Cutover to AWS: Preparation for moving the BookMyShow infra to Cloud

Utsav Kesharwani
We Are BookMyShow
Published in
8 min readAug 25, 2021

--

Moving from On-Prem to AWS Cloud: The BookMyShow journey

Introduction

Switching public traffic from one data center to another is never easy when you operate at a very high volume and have a complex on-prem setup that has been working for a few years.

We need to migrate the traffic from the on-prem data center to the AWS cloud. With the scale at which BookMyShow operates, having 200M monthly user visits, 5B monthly page views powered through hundreds of services (micro, moduliths, monoliths, legacy, etc.), a variety of databases (individual, clustered, sharded, SQL/NoSQL), and terabytes of data. We’d been using an on-prem setup for the last 15+ years, which had grown complex over time.

High-Level technical architecture of BookMyShow infrastructure before AWS migration

The migration plan or cutover had to be thought through, detailed-out, debated, discussed, and eventually, each step had to be scripted for execution to avoid surprises and failures. Failure would most likely result in a negative business impact, extended service downtime, upset customers, or worst case, a rollback to on-prem to be retried again later.

Another thing that was clear is that we can’t afford to lose any critical data of any period. Hence data migration strategy has to be one of the crucial aspects.

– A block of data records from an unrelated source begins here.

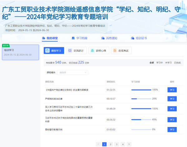 本次党纪学习教育专题培训通过测绘学院党建网络学习空间开展。测绘学院党建网络学习空间是依托学习公社,采用SaaS模式定制开发的党建专题网络培训平台,为党员提供在线学习和培训资源,有助于提高党员的思想政治素养。党建网络学习空间打破了时间空间限制,党员可以随时随地进行党性教育、法律法规学习和专题培训,破解了校外实习党员学生政治理论学习难的问题,将党建活动和形式多样的自主学习有效结合,实现学习的可跟踪、可量化、可考核。促进党建工作向更加智能化、灵活化的方向发展。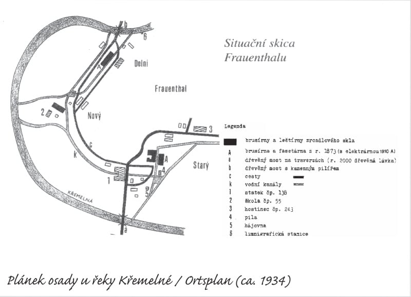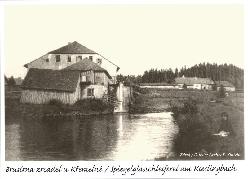 Na pravém břehu Křemelné, v místech, kde původně stávala pouze jediná usedlost sedláka Lenze, byly v letech 1863–1882 vystavěny hartmanickým podnikatelem Isaakem Simonem Blochem čtyři brusírny, leštírny a fazetovny zrcadel. Několik vodních kol pohánělo přes transmise desítky brousících a leštících strojů. Brousila se zde židovská zrcátka, ale i velká zrcadlová skla.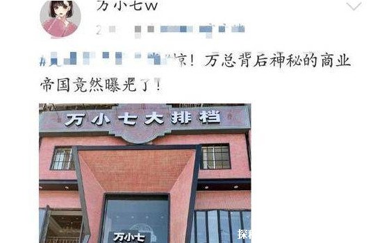 之前万小七自己就爆料称发现了自己背后的商业帝国,这里当然是调侃的说法,所谓的商业帝国其实就是指万小七的大排档,万小七的大排档就是万小七大排档,从外面看装修不算太好,但是比路边一般的大排档还是要好不少。除了大排档网红之外万小七还是演员,出演过《许少的隐婚甜妻第一季》,另外她也是配音演员,很多动漫都有万小七的配音。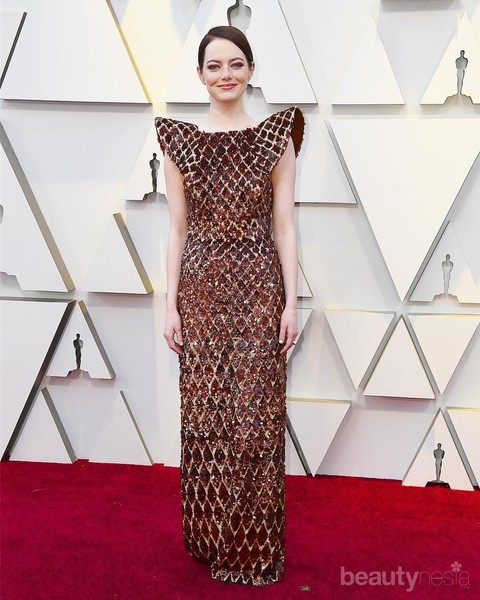 Foto: https://www.instagram.com/justjared/Emma Stone hadir dengan model rambut yang matching dengan dressnya, begitu pula dengan riasan matanya yang senada. Ia hadir dengan dandanan dari penata rias Racel Goodwin.

Note to readers: The rest of this post will cover assuming there is already a parallel, production-like environment set-up on the new data-center (AWS cloud). The new set-up should have been benchmarked for functionality, load, scale with at least 2x peak traffic. How the team at BookMyShow achieved this will be covered in a separate post. Keep watching!

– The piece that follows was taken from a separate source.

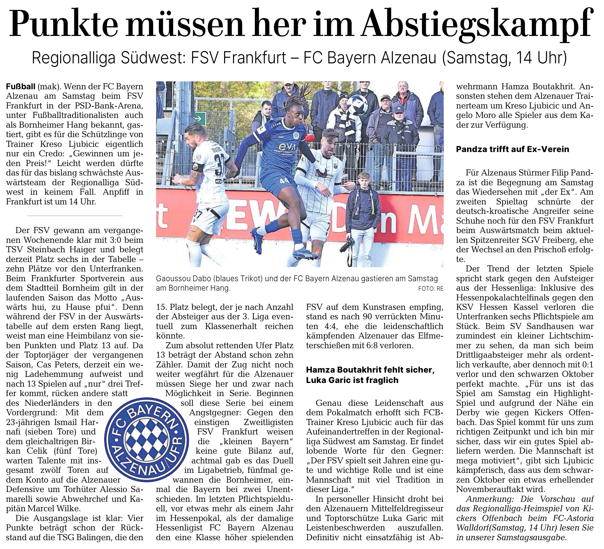 Vorbericht zum Spiel der Regionalliga Südwest: FSV Frankfurt - FC Bayern Alzenau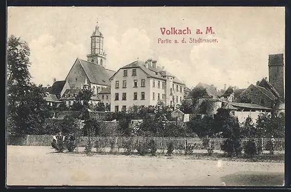 AK Volkach a. M., Partie an der Stadtmauer mit Kirche

How the migration journey started

For cloud migrations of such a huge scale involving multiple teams, the first thing one needs to do is to document the current state. The technical challenge has to be overcome by meticulous planning and crisp execution instead of writing code.

In BookMyShow, there are 20+ broad teams (verticals/horizontals) spanning from Movies, Live Entertainment, Stream, Transaction, Payments, SRE/DevOps, etc. Each vertical was given a task to take a look at the infrastructure, understand what each component does, and on what they are dependent.

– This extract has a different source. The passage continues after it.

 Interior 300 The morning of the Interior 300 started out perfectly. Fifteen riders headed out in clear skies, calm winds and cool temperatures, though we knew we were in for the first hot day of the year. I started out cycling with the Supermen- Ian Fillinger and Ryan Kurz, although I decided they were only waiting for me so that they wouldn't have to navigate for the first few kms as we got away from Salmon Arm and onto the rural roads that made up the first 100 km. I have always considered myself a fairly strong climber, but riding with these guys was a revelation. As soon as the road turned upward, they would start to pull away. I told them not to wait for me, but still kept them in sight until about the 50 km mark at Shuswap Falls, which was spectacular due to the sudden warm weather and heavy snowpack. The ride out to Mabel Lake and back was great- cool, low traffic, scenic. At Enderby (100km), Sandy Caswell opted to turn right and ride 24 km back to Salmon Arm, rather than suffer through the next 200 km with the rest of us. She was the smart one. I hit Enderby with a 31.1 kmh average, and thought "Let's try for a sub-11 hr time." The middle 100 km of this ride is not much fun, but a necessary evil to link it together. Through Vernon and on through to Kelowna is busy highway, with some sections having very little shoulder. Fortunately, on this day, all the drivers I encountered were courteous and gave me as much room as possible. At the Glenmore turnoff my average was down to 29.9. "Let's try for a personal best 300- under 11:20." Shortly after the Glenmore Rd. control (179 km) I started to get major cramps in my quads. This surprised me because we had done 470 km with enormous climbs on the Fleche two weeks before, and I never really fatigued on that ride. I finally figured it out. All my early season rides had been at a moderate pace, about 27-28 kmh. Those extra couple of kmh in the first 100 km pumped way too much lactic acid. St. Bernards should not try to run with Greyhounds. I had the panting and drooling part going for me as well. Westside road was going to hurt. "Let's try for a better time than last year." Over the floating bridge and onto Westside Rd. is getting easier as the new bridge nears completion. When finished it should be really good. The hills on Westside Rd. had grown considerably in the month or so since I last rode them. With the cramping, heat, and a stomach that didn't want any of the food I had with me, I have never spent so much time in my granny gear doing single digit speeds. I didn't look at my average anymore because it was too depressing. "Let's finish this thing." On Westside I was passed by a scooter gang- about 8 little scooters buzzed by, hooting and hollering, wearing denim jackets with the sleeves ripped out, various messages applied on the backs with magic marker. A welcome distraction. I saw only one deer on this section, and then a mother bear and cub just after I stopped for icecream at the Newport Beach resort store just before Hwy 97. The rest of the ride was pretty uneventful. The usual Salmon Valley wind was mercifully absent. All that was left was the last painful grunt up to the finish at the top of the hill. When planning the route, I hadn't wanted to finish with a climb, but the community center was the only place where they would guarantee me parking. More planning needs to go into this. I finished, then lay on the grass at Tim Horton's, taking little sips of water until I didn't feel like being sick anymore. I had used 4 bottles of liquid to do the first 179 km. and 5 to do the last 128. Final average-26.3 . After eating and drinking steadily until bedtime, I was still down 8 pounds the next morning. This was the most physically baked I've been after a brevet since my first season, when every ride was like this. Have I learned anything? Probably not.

Exploring legacy components in a running system was most challenging

It seems to be easy from a high level, but it comes with many challenges. There have been a lot of legacy components built and shipped over time. With little or no context for such apps, planning for their data center migration seemed like taking some parts out of a running car engine, and analyzing what broke.

However, getting the information accurately was a must-have since it laid the foundation of the overall cutover strategy. It also helped forecast and keep a tap on the associated costs in the AWS environment.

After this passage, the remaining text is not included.